It has been less than eight months since Palmer crumpled to the turf with the playoffs shot and maybe the future, too. But he bounces off the canvas after sitting out the first two preseason games and stakes the Bengals to a 31-0 lead and 34-7 at the half against the Packers. He looks better than ever with a passer rating of 136.9 fashioned on nine completions out of 14 passes for three touchdowns.

Even Mother Nature gives out a Who Dey with a lightning storm that yields the first weather delay at home in the 39 years of Bengaldom. The Bengals end up winning, 48-17, for their biggest preseason points total ever.

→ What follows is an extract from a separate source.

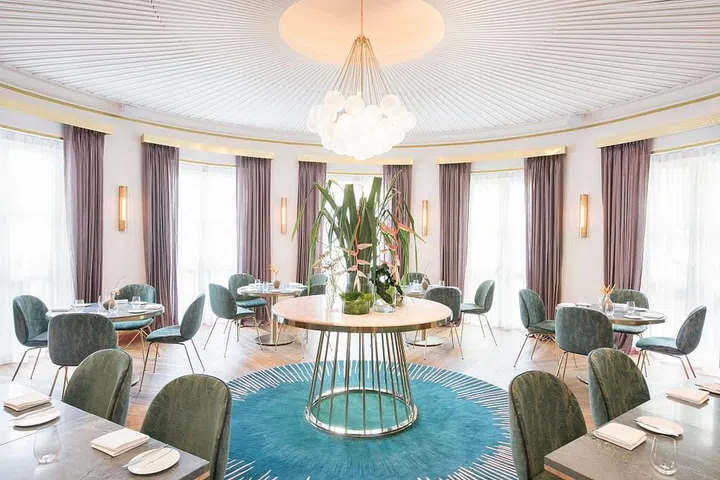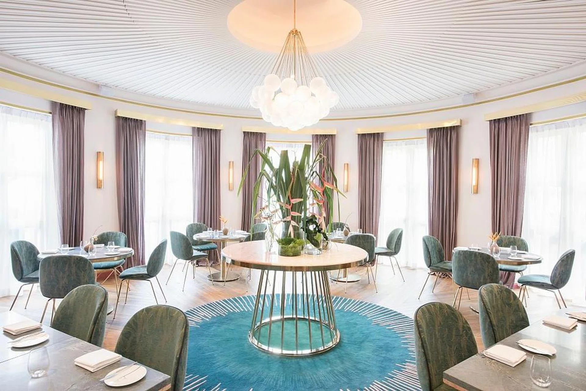 Designed by Singapore-based design studio Takenouchi Webb, the restaurant’s interiors consists of three adjoining dining rooms centred around a nature-inspired theme. It features a colour palette of pinks, greens and blues in both pale, dusty shades and vibrant hues, for subtle contrast.

"He didn't miss a beat; he hasn't lost a thing," says Willie Anderson. "He's our leader and he's back. That's got to make any Bengals fan real happy."

9. SHOOTOUT AT THE TOP, Nov. 20, 2005

A matchup of the NFL's two highest-rated passers on a Sunday night doesn't disappoint.

Palmer gets great protection from the league's leading sackers with tackles Willie Anderson and Levi Jones allowing him to throw for 335 yards and two TDs of 25 of 38 yards. But Peyton Manning is a little bit better on 24-of-40 for three TDs and 365 yards and kills the Bengals with five third-down conversions of at least 11 yards in the Colts 45-37 win.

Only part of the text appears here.